The contest was held on 11 March 1959 at 21:00 (CET) and lasted 1 hour and 12 minutes. The event was hosted by French television presenter Jacqueline Joubert.

The prelude of Charpentier's "Te Deum", the theme music of Eurovision broadcasts, was played as opening act by the orchestra under the direction of Franck Pourcel.

The winner was the represented by the song "Een beetje", composed by Dick Schallies, written by Willy van Hemert and performed by Teddy Scholten. The Netherlands became the first country to achieve two victories in the event, and Van Hemert became the first individual to win the contest twice, after previously providing lyrics for the Netherlands' winner in 1957, "Net als toen". The United Kingdom's result was the first of sixteen British entries to finish in second place, a contest record as of 2025.

Alongside the traditional reprise performance of the winning song, the second- and third-placed songs were also performed again, for the first and only time at the contest. The prize awarded to the winning songwriters, taking the form of an engraved medallion, was to be handed over during the delegations' supper following the event, but instead was presented by RTF's director of programming Jean d'Arcy to Teddy Scholten at the end of the show.

Results of the Eurovision Song Contest 1959
| R/O | Country | Artist | Song | Votes | Place |
|---|---|---|---|---|---|
| 1 | France | Jean Philippe | "Oui oui oui oui" | 15 | 3 |
| 2 | Denmark | Birthe Wilke | "Uh, jeg ville ønske jeg var dig" | 12 | 5 |
| 3 | Italy | Domenico Modugno | "Piove" | 9 | 6 |
| 4 | Monaco | Jacques Pills | "Mon ami Pierrot" | 1 | 11 |
| 5 | Netherlands | Teddy Scholten | "Een beetje" | 21 | 1 |
| 6 | Germany | Alice and Ellen Kessler | "Heut' woll'n wir tanzen geh'n" | 5 | 8 |
| 7 | Sweden | Brita Borg | "Augustin" | 4 | 9 |
| 8 | Switzerland | Christa Williams | "Irgendwoher" | 14 | 4 |
| 9 | Austria | Ferry Graf | "Der K. und K. Kalypso aus Wien" | 4 | 9 |
| 10 | United Kingdom | Pearl Carr and Teddy Johnson | "Sing Little Birdie" | 16 | 2 |
| 11 | Belgium | Bob Benny | "Hou toch van mij" | 9 | 6 |

=== Spokespersons ===
Each participating broadcaster appointed a spokesperson who was responsible for announcing the votes for its respective country via telephone. Known spokespersons at the 1959 contest are listed below.

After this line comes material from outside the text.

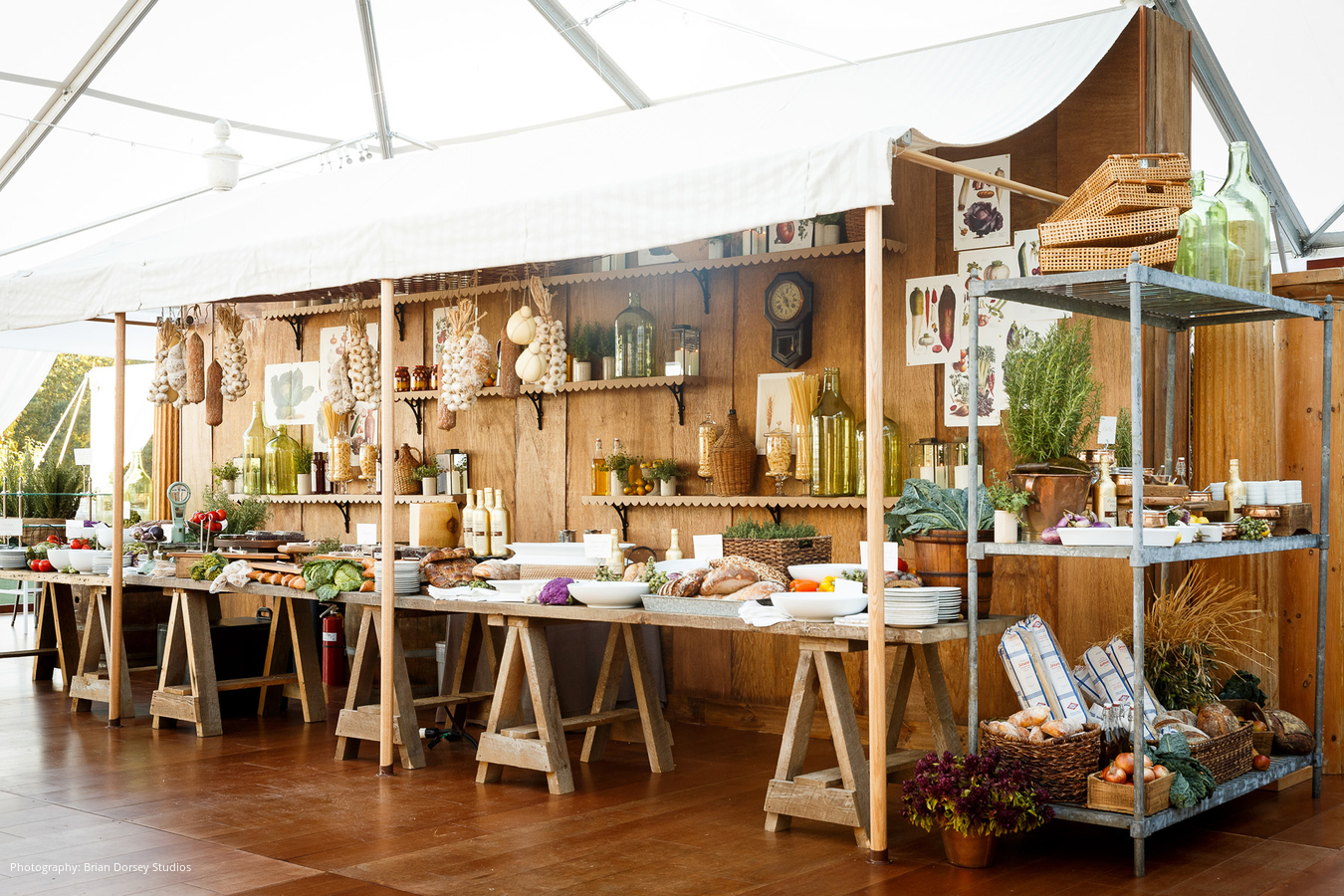 In an ode to the bride's Italian heritage, the cocktail hour featured a groaning board of traditional foods served in a wood-planked setting accompanied by a male crooner.

- Netherlands – Siebe van der Zee
- Sweden – Roland Eiworth

== Detailed voting results ==

The announcement of the results from each country was conducted in reverse order to that which each country performed.

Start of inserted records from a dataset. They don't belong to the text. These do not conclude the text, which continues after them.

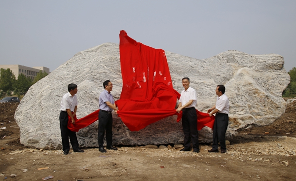 其次,蕴含着深刻的文化意义。这个东大门建筑造型不只是象征着一个石油钻井井架平台,我们还专门选用了沉积岩的青石做为主外立面,寓意着石油天然气蕴藏其中,更成为具有鲜明石油特色的标志性建筑,独一无二。东大门内我们专门安放了一块8米多宽、3米多高的照壁石,质地、色彩、纹路、走势、造型都很美,彰显了大自然的力量,犹如一幅大写意的山水画,大气磅礴、大浪淘沙。它的形状犹如一只卧兽,面北昂首向上,处在养精蓄锐、积蓄力量、蓄势待发的状态,寓意着大学是人才培养之地,卧虎藏龙,厚积薄发,有朝一日将会一跃而起、一飞冲天、一鸣惊人。这道大门的里边是神圣的学术殿堂,期冀着这个照壁石能将社会的浮躁和喧哗挡在外面,将潜心知识追求的宁静留在校内,将江湖气、商贾气挡在外面,让书卷气、浩然正气在校内弘扬。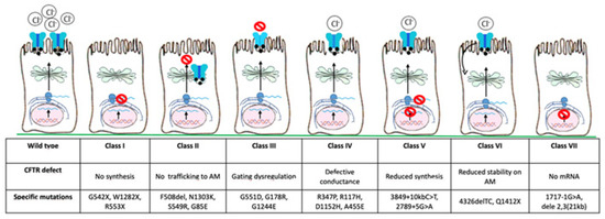 Since the discovery of the CFTR gene in 1989, more than 2000 mutations have been identified so far and about 240 can cause CF [3]. Based on the pathophysiological effects of individual variants, they have been classified into seven classes (Figure 2): class I, severely reduced protein synthesis with absent CFTR gene expression on the apical membrane; class II, impaired protein processing, folding, or trafficking, and premature degradation with severely reduced CFTR gene expression, such as F508del, the most common mutation, especially in North European countries (80–90%); class III, CFTR gene can reach the apical membrane, but the channel activation is abnormal (gating mutations); class IV, normal CFTR gene expression with reduced conductivity; class V, lower CFTR gene expression due to reduced protein synthesis; class VI, lower CFTR gene expression due to increased turnover; class VII, no mRNA synthesis and consequently no CFTR gene expression [3,4,5]. There is a correlation between CFTR gene function and clinical phenotype, with classes I–III and VII resulting in more severe disease, while classes IV–VI may have milder phenotype [6].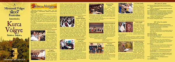 Kinagyítható! Az idei Művészetek Völgye kulturális fesztivál egyik kiemelt vendége Szentes és Szegvár a Kurca Völgye. Az egyhetes kulturális fesztivál első két napján, július 27-28-án mutatkoznak be a két település művészeti csoportjai. Pénteken Taliándörögdön lép fel a Pengető Citera Zenekar, a Dobbantó Néptánc Együttes, a Szentesi Ütős Együttes és a Tűzköves Színjátszók. A városi fúvószenekar teherautón járja végig a völgyet, majd a megnyitón muzsikál. Szombaton falusias játékok, tekerő és citeramuzsika, népdalok, képzőművészek és különböző előadók népszerűsítik Szentest és Szegvárt a Művészetek Völgye közönségének Taliándörögdön. Szentes, 2007. 07. 26. |
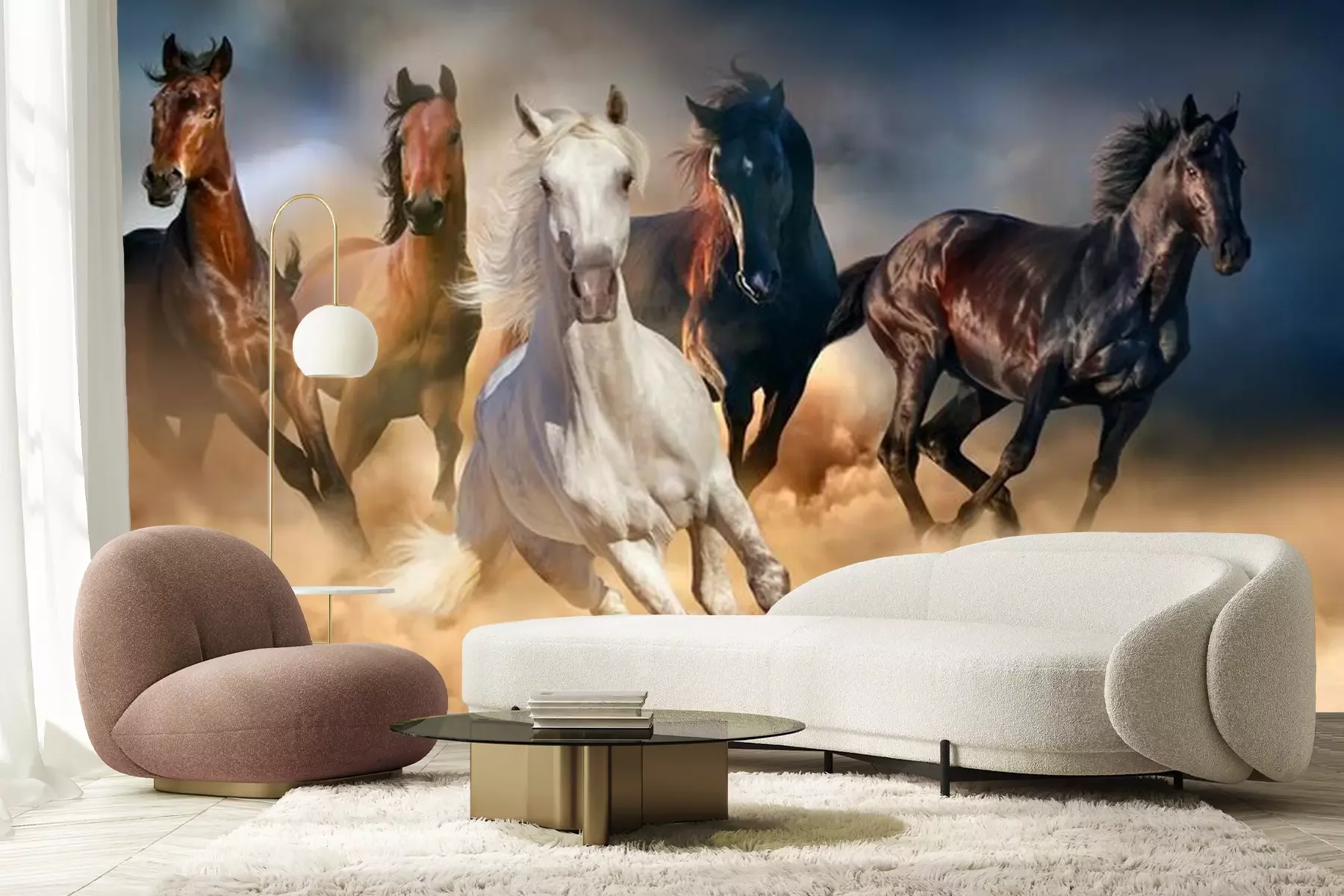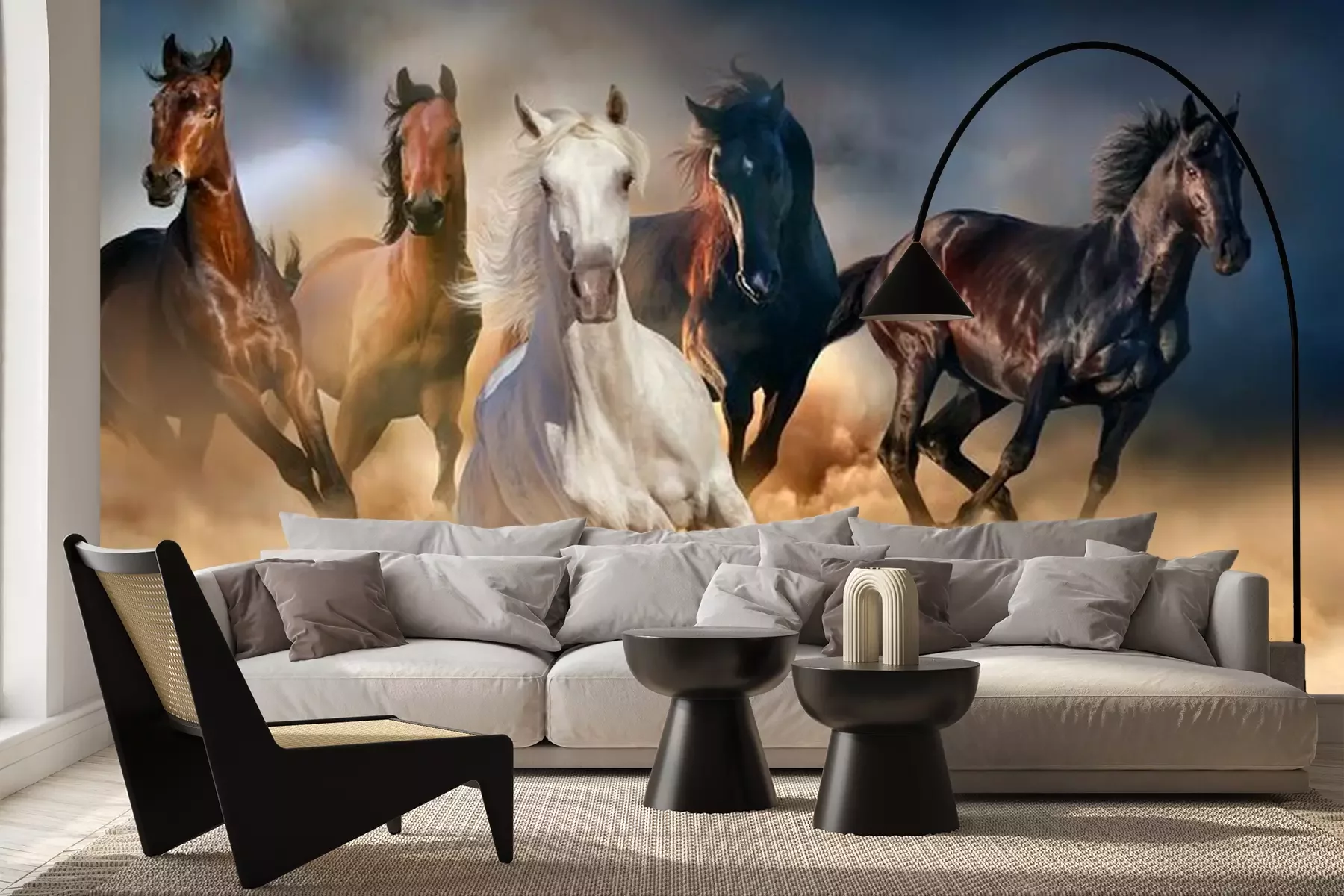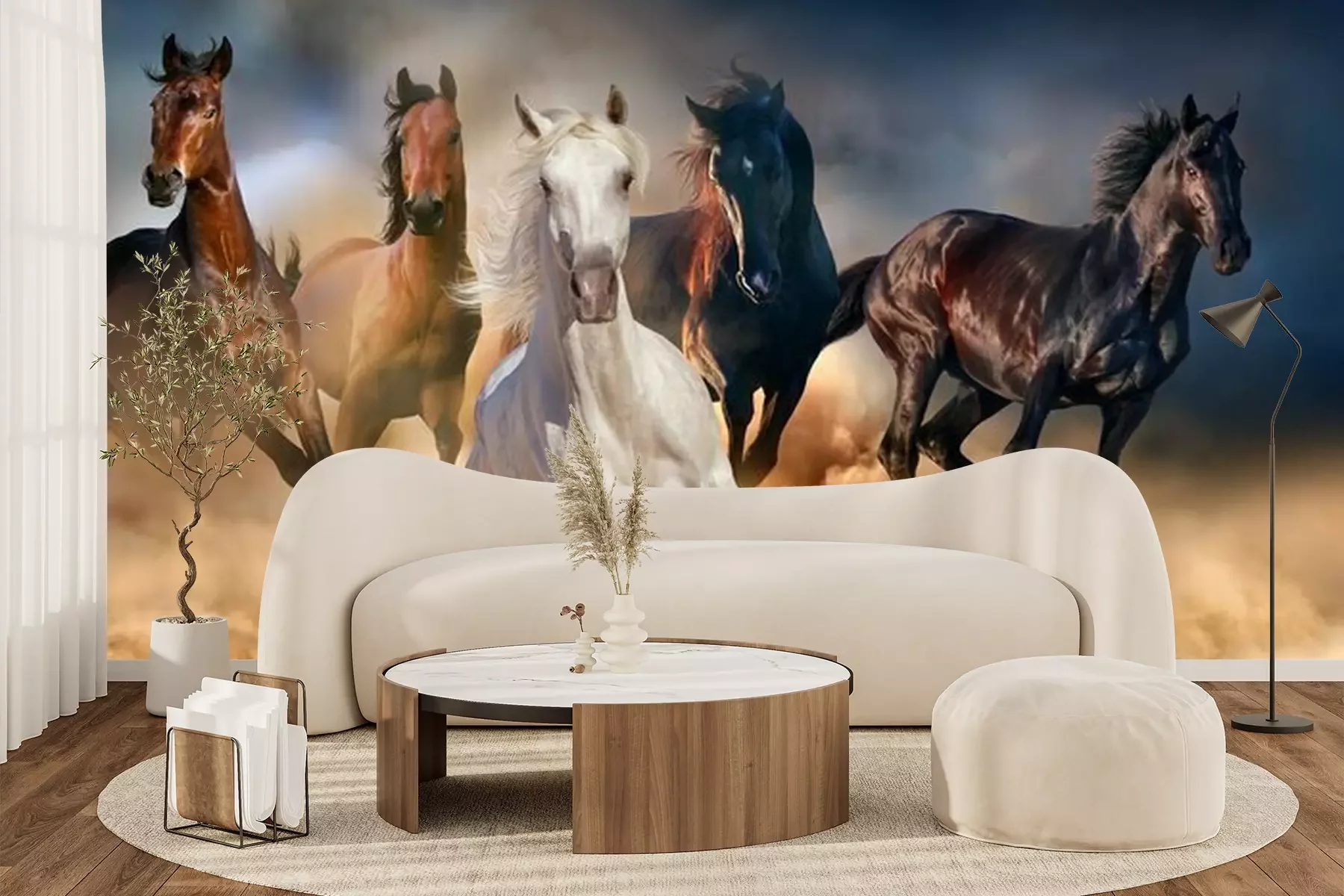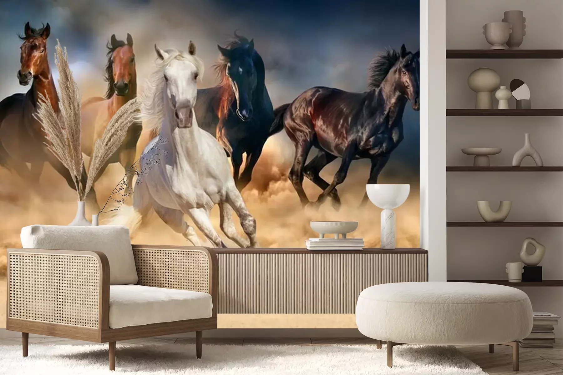 Papier peint  Horse herd run in desert sand storm against dramatic sky

Detailed voting results of the Eurovision Song Contest 1959
|  |  | Total score | Belgium | United Kingdom | Austria | Switzerland | Sweden | Germany | Netherlands | Monaco | Italy | Denmark | France |
| Contestants | France | 15 | 2 |  | 1 | 1 |  | 4 |  | 2 | 1 | 4 |  |
| Denmark | 12 |  | 2 | 2 | 1 | 4 |  | 1 | 1 | 1 |  |  |
| Italy | 9 | 1 |  |  | 3 | 1 |  |  | 1 |  |  | 3 |
| Monaco | 1 |  |  | 1 |  |  |  |  |  |  |  |  |
| Netherlands | 21 | 3 | 1 | 3 |  |  | 2 |  | 1 | 7 |  | 4 |
| Germany | 5 | 1 |  |  | 1 |  |  |  |  | 1 |  | 2 |
| Sweden | 4 |  |  |  |  |  |  | 3 |  |  | 1 |  |
| Switzerland | 14 | 1 | 5 | 1 |  | 3 | 1 |  | 1 |  | 2 |  |
| Austria | 4 |  |  |  | 1 | 2 |  |  | 1 |  |  |  |
| United Kingdom | 16 | 2 |  | 2 | 3 |  |  | 5 | 2 |  | 1 | 1 |
| Belgium | 9 |  | 2 |  |  |  | 3 | 1 | 1 |  | 2 |  |

== Broadcasts ==

Each participating broadcaster was required to relay the contest via its television network. No official accounts of the viewing figures are known to exist. An estimate given in the press was at least 20 million viewers.

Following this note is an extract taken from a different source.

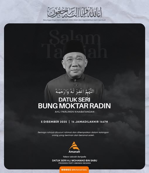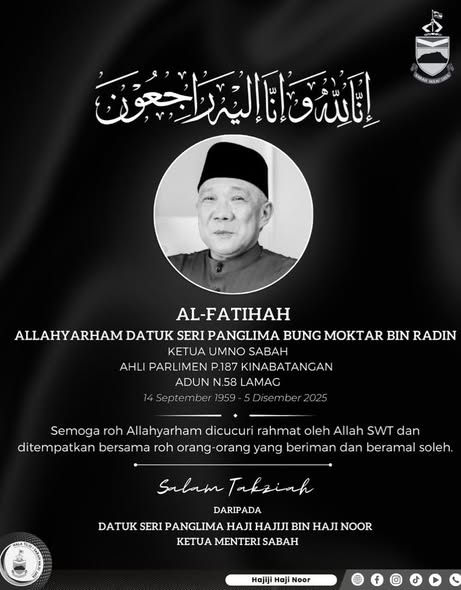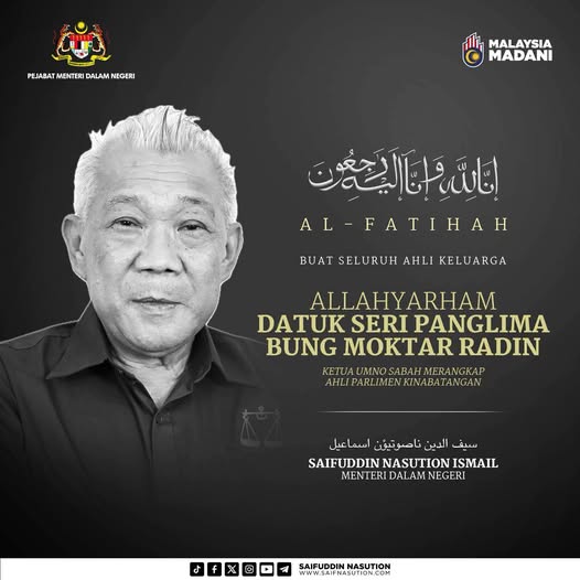 Bung Moktar, 66, yang berjaya mempertahankan kerusi Dewan Undangan Negeri Lamag pada PRN Sabah ke-17 baru-baru ini, meninggal dunia di sebuah hospital swasta di Kota Kinabalu pada 1.46 pagi ini.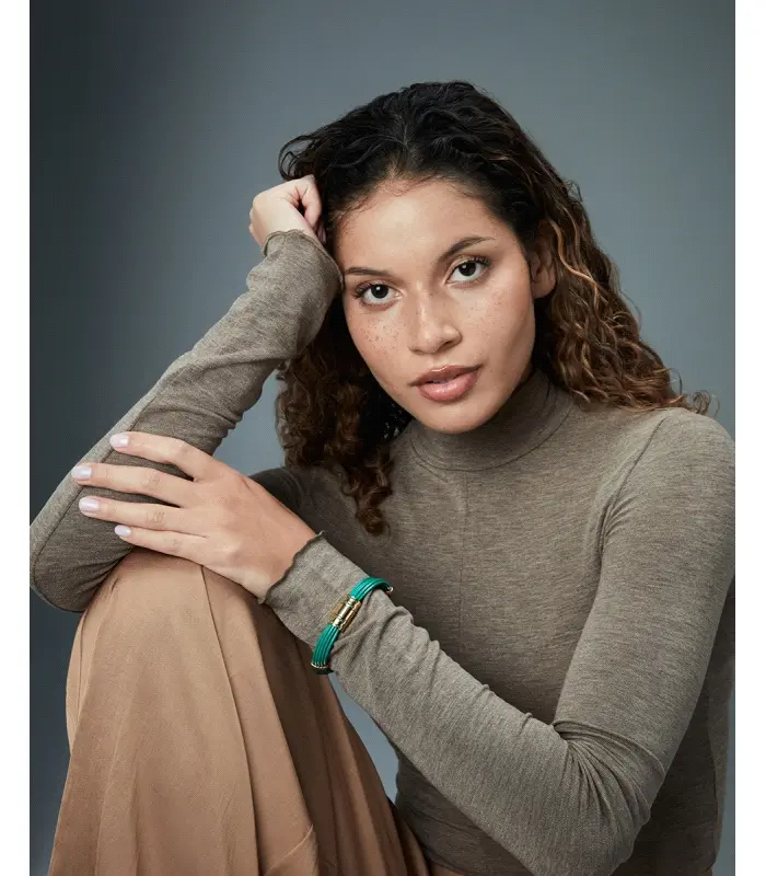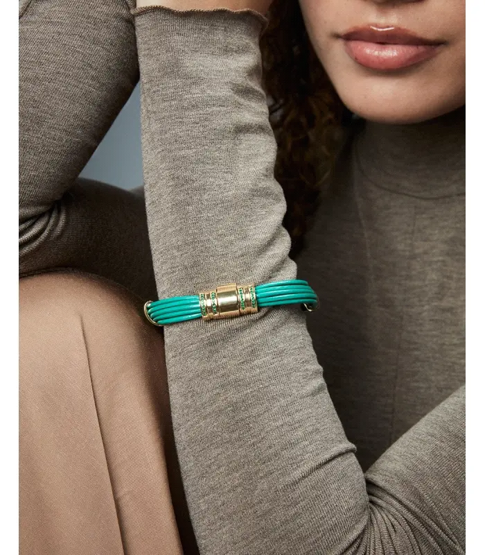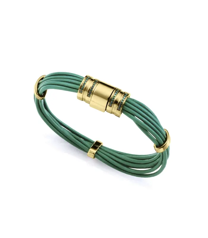 Una pulsera que combina frescura y sofisticación en un diseño único. Fabricada en acero con acabado IP dorado, esta pieza se realza con detalles de piel verde, aportando un toque de color vibrante y natural. Las circonitas verdes engastadas añaden un brillo delicado, complementando perfectamente el diseño con un toque de lujo. Con un largo de 20 cm, se ajusta cómodamente a la muñeca, convirtiéndola en una joya versátil y moderna. Ideal para mujeres que buscan un accesorio elegante y lleno de carácter, capazUna pulsera que combina frescura y sofisticación en u

Broadcasters were able to send commentators to provide coverage of the contest in their own native language and to relay information about the artists and songs to their television viewers. Twelve commentator boxes were installed on the balconies of the auditorium. Known details on the broadcasts in each country, including the specific broadcasting stations and commentators are shown in the table below.

Broadcasters and commentators in participating countries
| Country | Broadcaster | Channel(s) | Commentator(s) | Ref. |
| Austria | ORF | ORF |  |  |
| Belgium | NIR/INR | NIR | Paula Sémer |  |
| INR | Paule Herreman |  |
| Denmark | DR | Danmarks Radio TV, Program 2 | Sejr Volmer-Sørensen |  |
| France | RTF | RTF | Claude Darget [fr] |  |
| France II |  |  |
| Germany | ARD | Deutsches Fernsehen | Elena Gerhardt |  |
| Italy | RAI | RAI Televisione, Secondo Programma | Renato Tagliani [it] |  |
| Monaco | Radio Monte-Carlo |  |  |  |
| Netherlands | NTS | NTS | Piet te Nuyl Jr. |  |
| VARA | Hilversum 1 | Aad Bos |  |
| RNW |  |  |  |
| Sweden | SR | Sveriges TV, SR P1 | Jan Gabrielsson [sv] |  |
| Switzerland | SRG SSR | TV DRS, Radio Bern |  |  |
| TSR, Radio Genève |  |  |
| TSI, Radio Monte Ceneri |  |  |
| United Kingdom | BBC | BBC Television Service | Tom Sloan |  |

Broadcasters and commentators in non-participating countries
| Country | Broadcaster | Channel(s) | Commentator(s) | Ref. |
|---|---|---|---|---|
| Luxembourg | CLT | Télé-Luxembourg |  |  |

== Notes and references ==

=== Bibliography ===
- O'Connor, John Kennedy (2010). "The Eurovision Song Contest: The Official History"
- Roxburgh, Gordon (2012). "Songs for Europe: The United Kingdom at the Eurovision Song Contest"
- Thorsson, Leif (2006). "Melodifestivalen genom tiderna : de svenska uttagningarna och internationella finalerna"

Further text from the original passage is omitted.